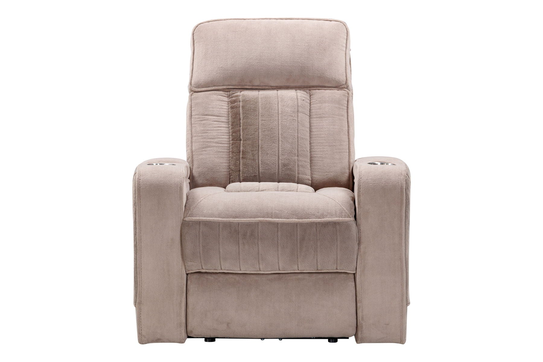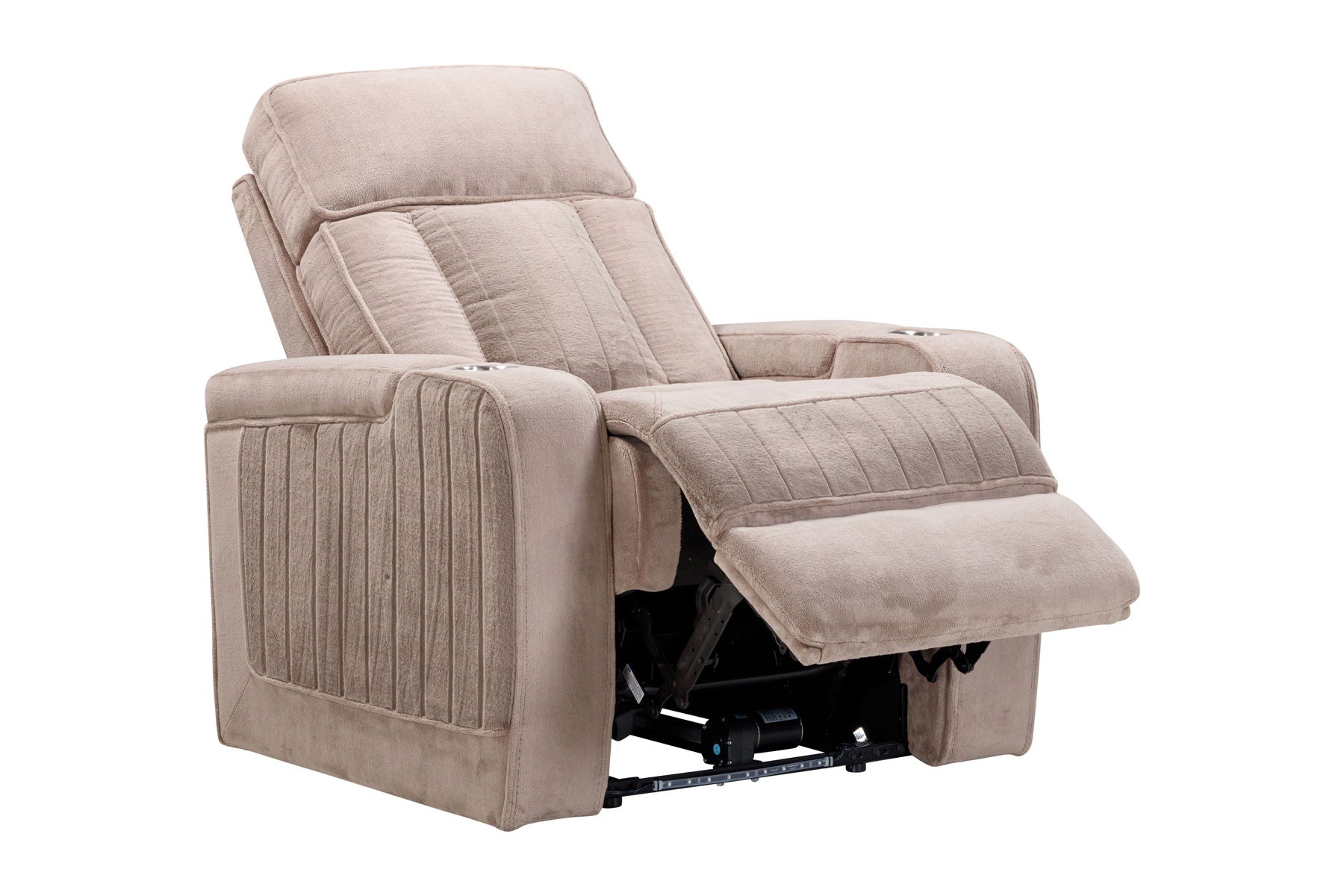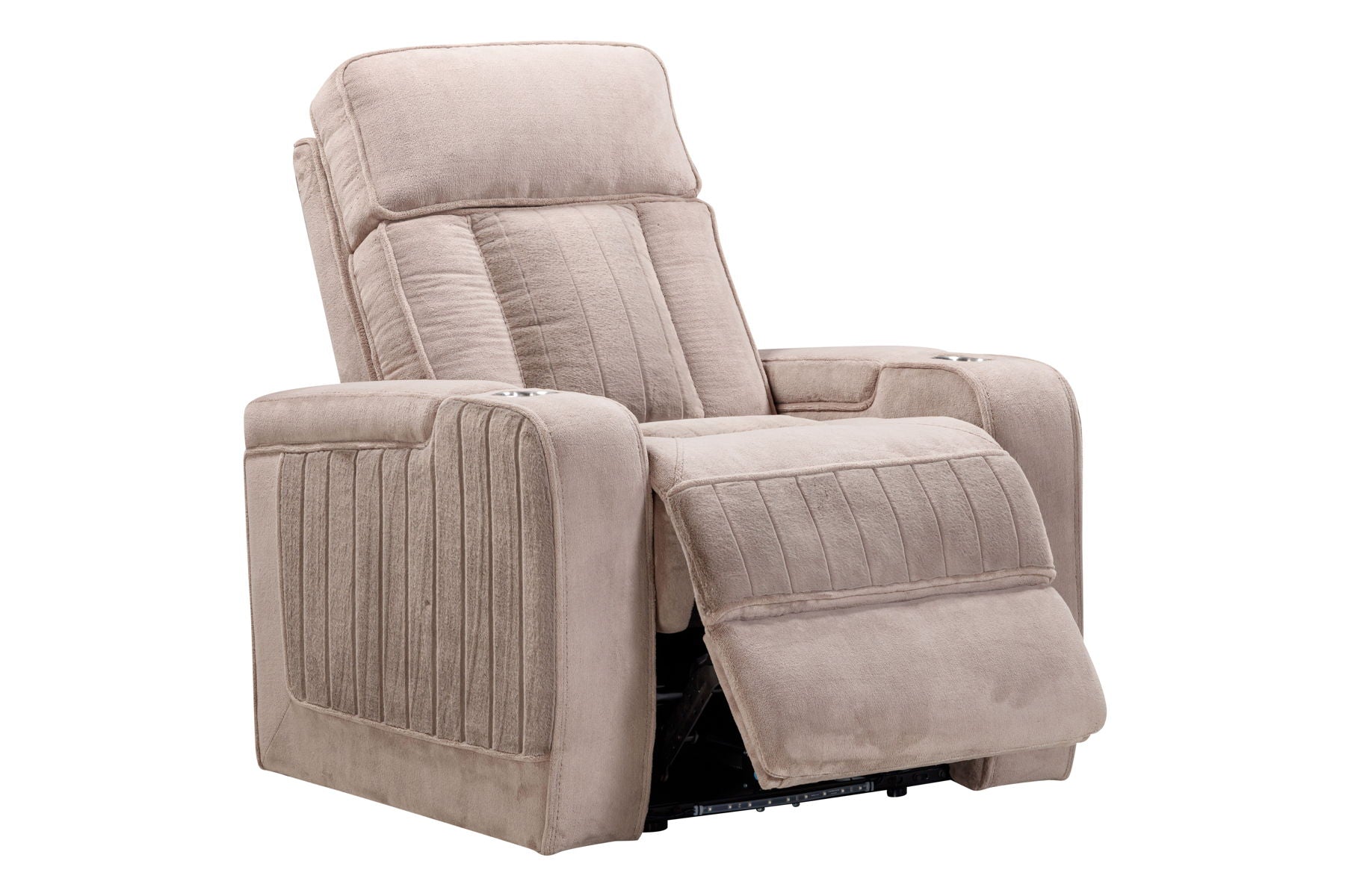 Spice up your movie nights with the Equinox Power Recliner. This reclining seat also features armrest storage and an independently operating power headrest for personalized comfort. Cool ambient floor light at the base, upholstered channels on the back and leg rests and oversized welt cord ensure that Equinox is the best looking seat in the house!
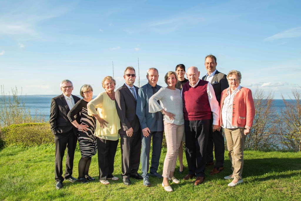Bildunterschrift (v.l.n.r.) Langjährige Mitarbeiter des Hotel Bernstein werden im Rahmen der Jubiläumswoche von Thomas und Sandra Dorissen geehrt: Detlef und Marina Nützmann (25 Jahre), Uschi Grieger (mittlerweile Rentnerin, aber von Anbeginn im Hotel Bernstein Angestellte), Frank Hühr (16 Jahre), Uwe Schediwie (23 Jahre), Trixi Michel (25 Jahre), Sandra und Thomas Dorissen sowie Bauherr Paul Rempe mit Partnerin.
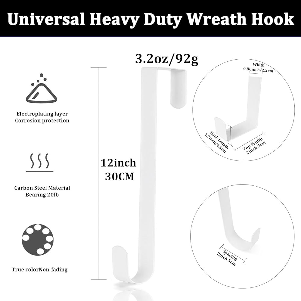 EXCELLENT BRIGHT COLOR-The eye-catching white appearance makes this hook look very high-end. The advanced paint technology on the surface keeps the hook intact all year round. The white hook can be matched with any color of doors and garlands.
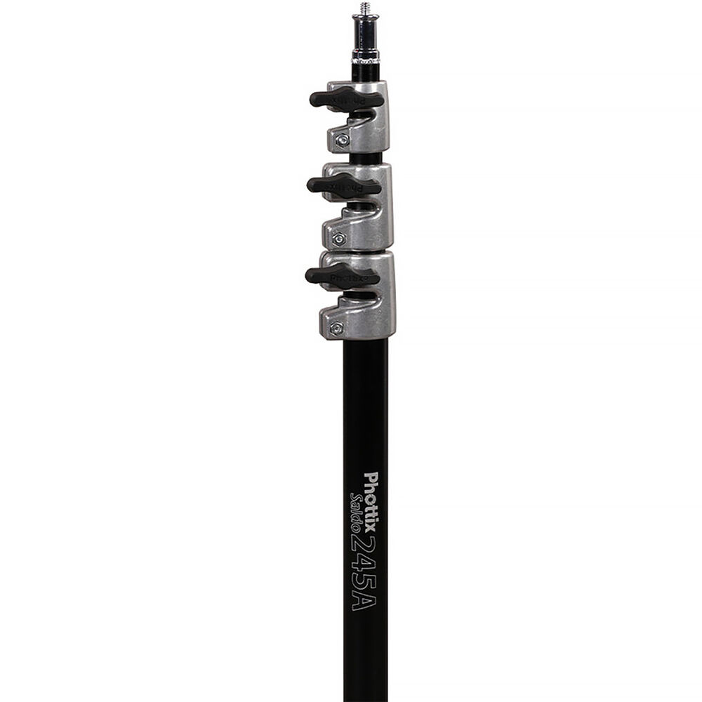 The Saldo 245A Air-Cushioned Automatic Collapsible Light Stand from Phottix is 8.0' tall and has a 6.6 lb load capacity. The air-cushioned column is made up of four aluminum sections with locking knob joints. The top of the stand has a standard 5/8" mounting stud with a 1/4"-20 threaded tip. Simply set the Saldo 245A down, and the legs extend automatically; lift the stand, and the legs automatically return to the folded position.
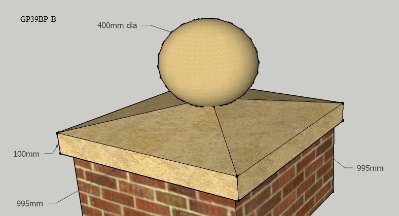 GP-39BP, a traditional pyramid pier cap at 995mm x 995mm, suitable for pillars up to 850mm, can also have your house name v-cut in to the upstand
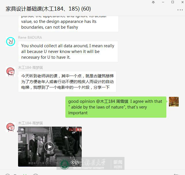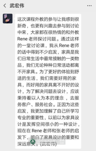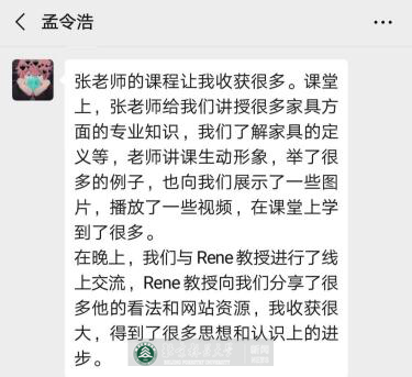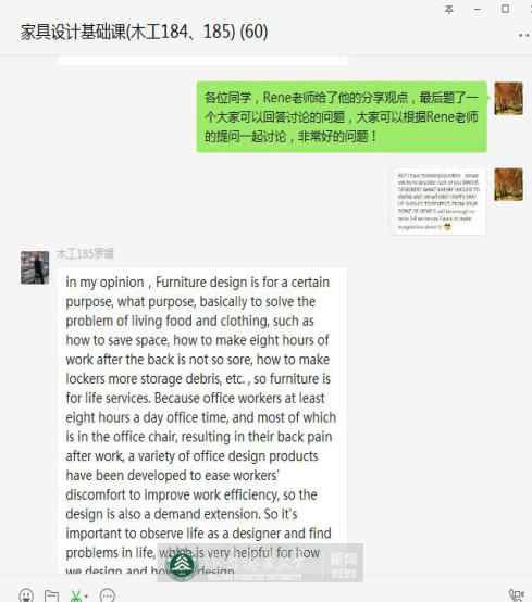 两位教师早在开课之前就在微信群里和学生互动,虽远隔千里,但RENE老师亲切幽默的问候很快让学生消除了紧张感。北京时间2月19日早8点,张帆老师开始了第一节课的教学,并与学生约定了题为“家具的广义与狭义的概念”的晚间讨论。同日晚8点,RENE老师准时在群里发出了第一条讯息:分享他的观点,提出讨论的方向和要求。由此,热烈的在线交流开始了。学生们经过准备,纷纷清晰准确地表达观点。文字、语音、图片、视频、网站链接、共享文件……多种形式,双语并行,丰富而有序。RENE老师和张帆老师也不断进行总结点评,并提出新问题。原定一小时的在线讨论,因学生们的积极参与而一延再延。
◇ ◇ ◇ ◇ ◇
__The problem__
Could you write out the whole listing exactly, dropping the pictures?

__Response__
 Spice up your movie nights with the Equinox Power Recliner. This reclining seat also features armrest storage and an independently operating power headrest for personalized comfort. Cool ambient floor light at the base, upholstered channels on the back and leg rests and oversized welt cord ensure that Equinox is the best looking seat in the house!
Bildunterschrift (v.l.n.r.) Langjährige Mitarbeiter des Hotel Bernstein werden im Rahmen der Jubiläumswoche von Thomas und Sandra Dorissen geehrt: Detlef und Marina Nützmann (25 Jahre), Uschi Grieger (mittlerweile Rentnerin, aber von Anbeginn im Hotel Bernstein Angestellte), Frank Hühr (16 Jahre), Uwe Schediwie (23 Jahre), Trixi Michel (25 Jahre), Sandra und Thomas Dorissen sowie Bauherr Paul Rempe mit Partnerin.
 EXCELLENT BRIGHT COLOR-The eye-catching white appearance makes this hook look very high-end. The advanced paint technology on the surface keeps the hook intact all year round. The white hook can be matched with any color of doors and garlands.
 The Saldo 245A Air-Cushioned Automatic Collapsible Light Stand from Phottix is 8.0' tall and has a 6.6 lb load capacity. The air-cushioned column is made up of four aluminum sections with locking knob joints. The top of the stand has a standard 5/8" mounting stud with a 1/4"-20 threaded tip. Simply set the Saldo 245A down, and the legs extend automatically; lift the stand, and the legs automatically return to the folded position.
 GP-39BP, a traditional pyramid pier cap at 995mm x 995mm, suitable for pillars up to 850mm, can also have your house name v-cut in to the upstand
 两位教师早在开课之前就在微信群里和学生互动,虽远隔千里,但RENE老师亲切幽默的问候很快让学生消除了紧张感。北京时间2月19日早8点,张帆老师开始了第一节课的教学,并与学生约定了题为“家具的广义与狭义的概念”的晚间讨论。同日晚8点,RENE老师准时在群里发出了第一条讯息:分享他的观点,提出讨论的方向和要求。由此,热烈的在线交流开始了。学生们经过准备,纷纷清晰准确地表达观点。文字、语音、图片、视频、网站链接、共享文件……多种形式,双语并行,丰富而有序。RENE老师和张帆老师也不断进行总结点评,并提出新问题。原定一小时的在线讨论,因学生们的积极参与而一延再延。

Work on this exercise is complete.